Introduction to Numerical Integration
Numerical integration is a fundamental technique used when an antiderivative of a function is either difficult to find or impossible to express in elementary functions. The Trapezoidal Rule approximates the area under a curve by dividing the region into vertical trapezoids rather than rectangles.

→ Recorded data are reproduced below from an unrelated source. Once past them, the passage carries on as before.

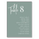 Simple and chic table number cards in Eucalyptus Green and white make an elegant statement at your wedding or event. Design features "table [number]" in handwritten script lettering, with individual guest names below in timeless serif typography. Design repeats on both sides.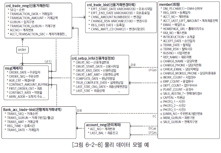 핵심 엔터티와 그 엔터티 사이의 관계를 도출하는 것이다. - 개념 모델에 표현되었던 엔터티는 논리·물리 모델에서도 똑같은 구조를 이루어야 한다.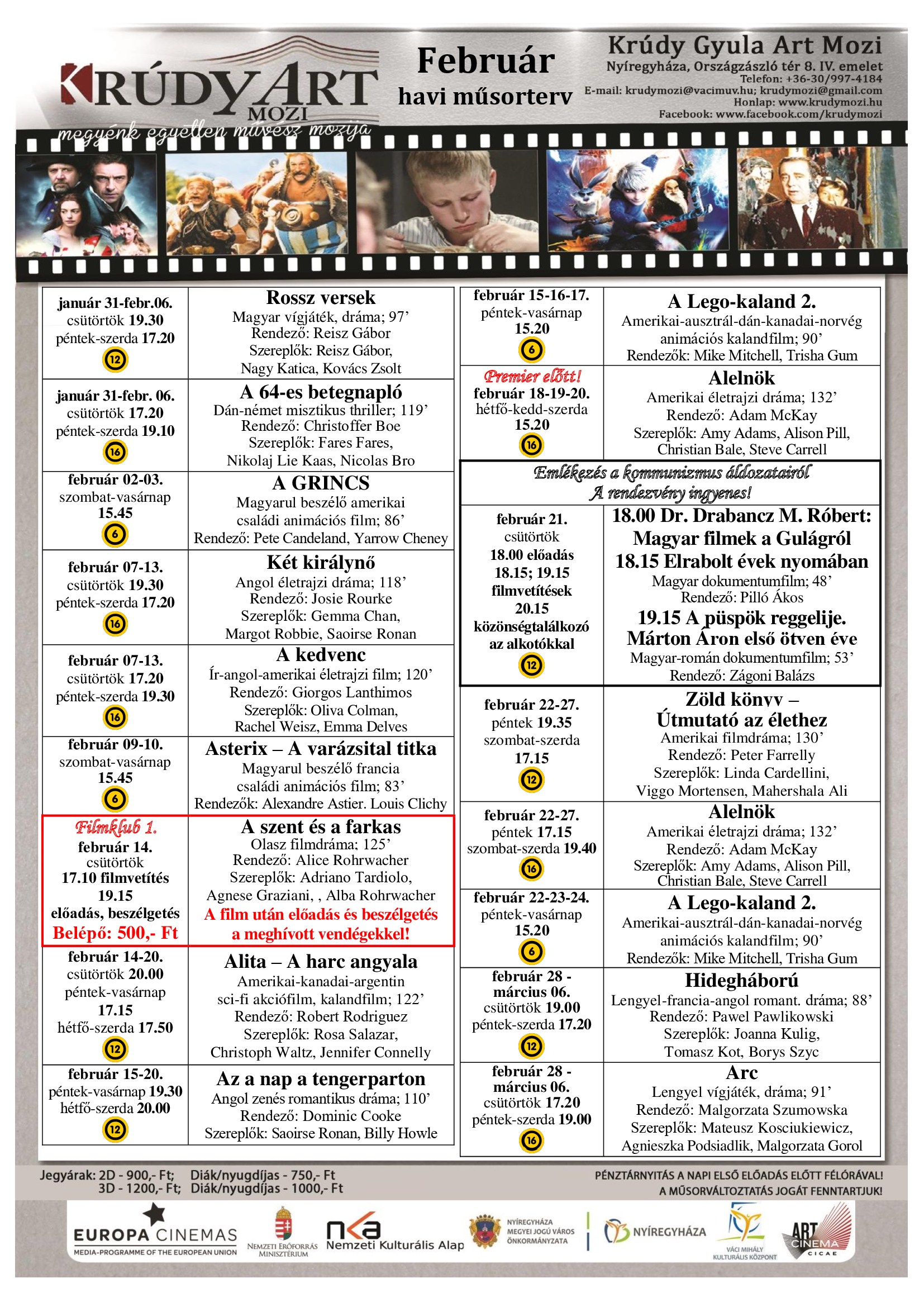A Krúdy Gyula Art Mozi februári filmkínálata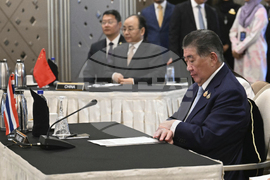 Thailand's acting Prime Minister Phumtham Wechayachai takes part in talks with Cambodia's Prime Minister Hun Manet, mediated by Malaysia's Prime Minister Anwar Ibrahim, on a possible ceasefire between Thailand and Cambodia in Putrajaya Monday, July 28, 2025.(Mohd Rasfan/Pool Photo via AP)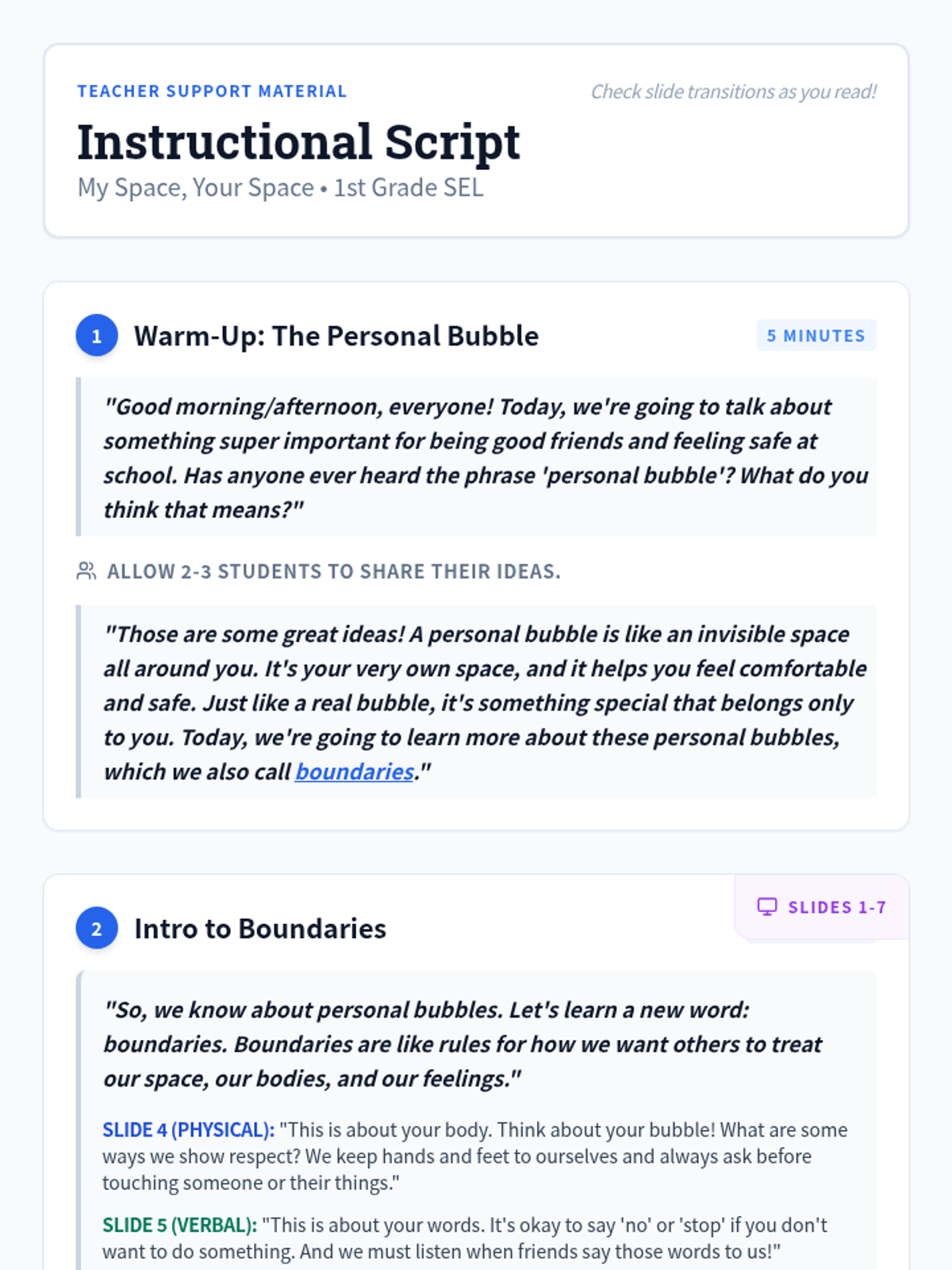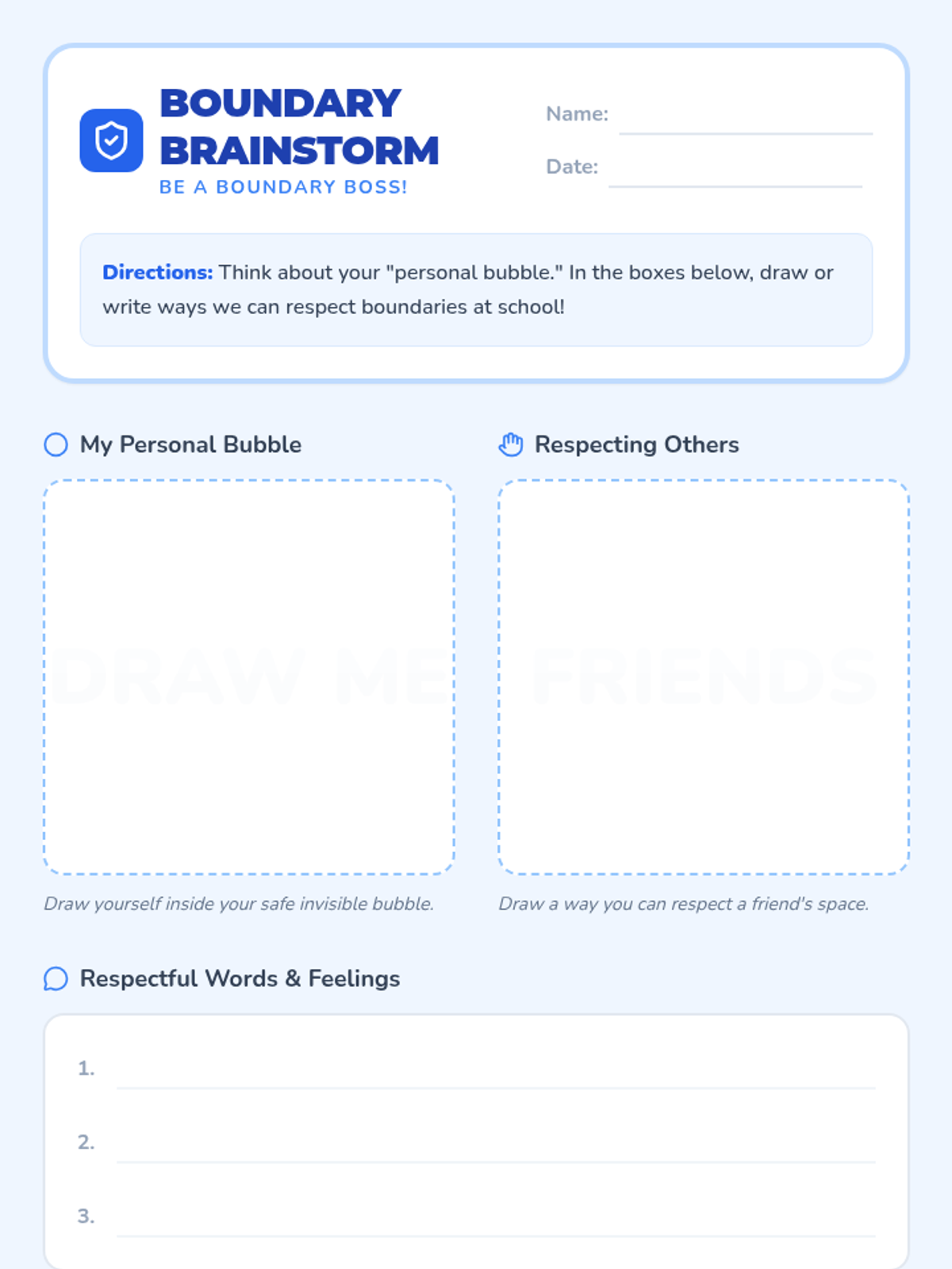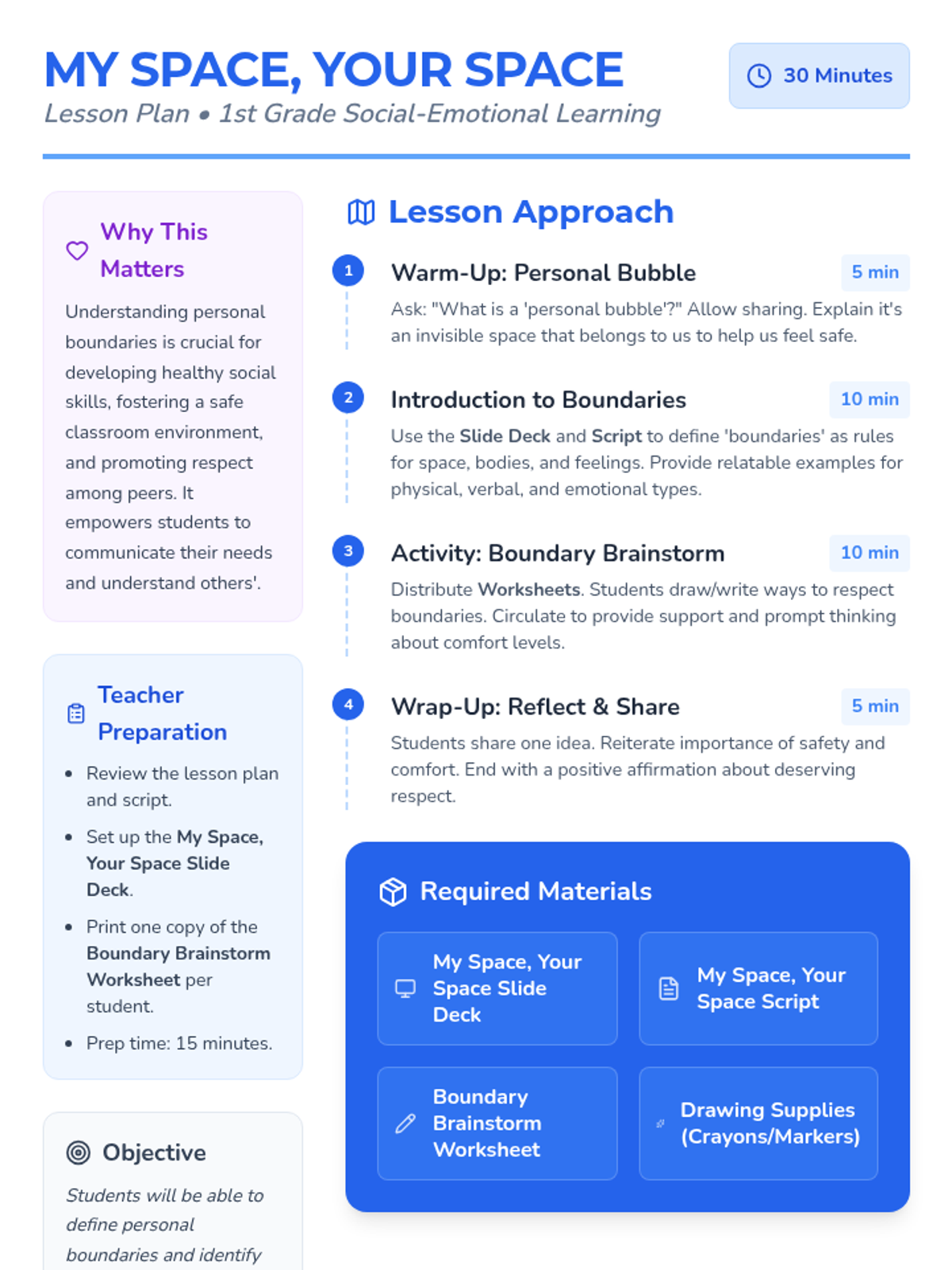 A 30-minute lesson for 1st-grade students introducing personal boundaries through the 'personal bubble' metaphor, focusing on physical, verbal, and emotional respect.

The Trapezoidal Rule Formula
To approximate $\int_{a}^{b} f(x) dx$ with $n$ subintervals:
- Calculate the width of each subinterval: $\Delta x = \frac{b-a}{n}$
- Identify the partition points: $x_0, x_1, ..., x_n$
- Use the formula: $T_n = \frac{\Delta x}{2} [f(x_0) + 2f(x_1) + ... + 2f(x_{n-1}) + f(x_n)]$
Step-by-Step Solution
Problem: Evaluate $\int_{0}^{1} \frac{1}{1+x^2} dx$ using $n=2$.
1. Identify parameters:
- $a = 0, b = 1, n = 2$
- $f(x) = \frac{1}{1+x^2}$
- $\Delta x = \frac{1-0}{2} = 0.5$
2. Determine partition points:
- $x_0 = 0$
- $x_1 = 0.5$
- $x_2 = 1$
3. Calculate function values:
- $f(x_0) = f(0) = \frac{1}{1+0^2} = 1$
- $f(x_1) = f(0.5) = \frac{1}{1+0.5^2} = \frac{1}{1.25} = 0.8$
- $f(x_2) = f(1) = \frac{1}{1+1^2} = 0.5$
4. Apply the Trapezoidal Rule: $T_2 = \frac{0.5}{2} [f(0) + 2f(0.5) + f(1)]$ $T_2 = 0.25 [1 + 2(0.8) + 0.5]$ $T_2 = 0.25 [1 + 1.6 + 0.5]$ $T_2 = 0.25 [3.1] = 0.775$
Conclusion: The approximate value of the integral is $0.775$.